Autograph Teaching Materials Signed

"Mr. Bloch". Cleveland, 1922. One folded sheet of music paper and three loose quarto sheets. Very good; imprint of paper clip with some chipping and folding around edges of questionnaire.
Two assessment documents formulated and used by Ernest Bloch at the Cleveland Institute of Music.

The first is a typed three-page Questionaire [sic] Pertaining to Mr. Ernest Bloch's Master Courses, seemingly administered to determine the musical background and knowledge of each student prior to beginning study. Signed in pencil at the top Return to Mr. Bloch, the composer makes small emendations throughout and writes in additional questions at the bottom of the first page, including: Do you intend to become a professional musician?

The second is a contrapuntal exercise written in Bloch's hand: Notes for Students - to mark the 'Transition'. He notes the following at the bottom in another pen: This process had been very poorly defined in most of the tests--There was great confusion! Notes, but not Basses, and no method at all to show the true progression. They ought to make Exercises on several Fugues till they hear (!!) and understand clearly. He includes an additional handwritten page titled Work for the Student.

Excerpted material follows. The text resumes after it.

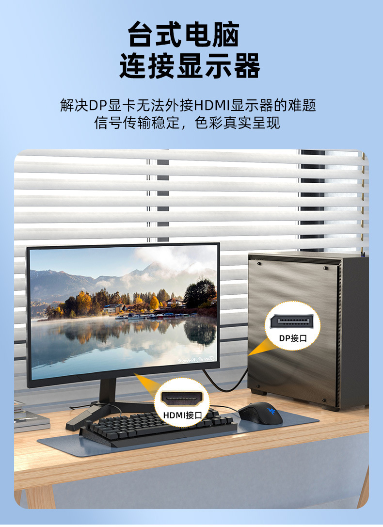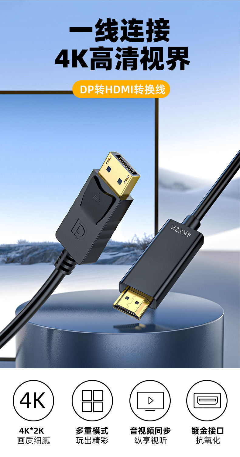 DP 转 HDMI 4K 高清转换线 详情页文案

Swiss-born American composer Ernest Bloch served as the founding director of the Cleveland Institute of Music from 1920 to 1925, where he taught composition, conducted the orchestra, and offered masterclasses to the general public. His pedagogical approach was progressive, if not at times radical: believing experience to be the best teacher, he proposed the elimination of testing and textbooks. The Institute's trustees disagreed, though, and Bloch resigned five years into his tenure.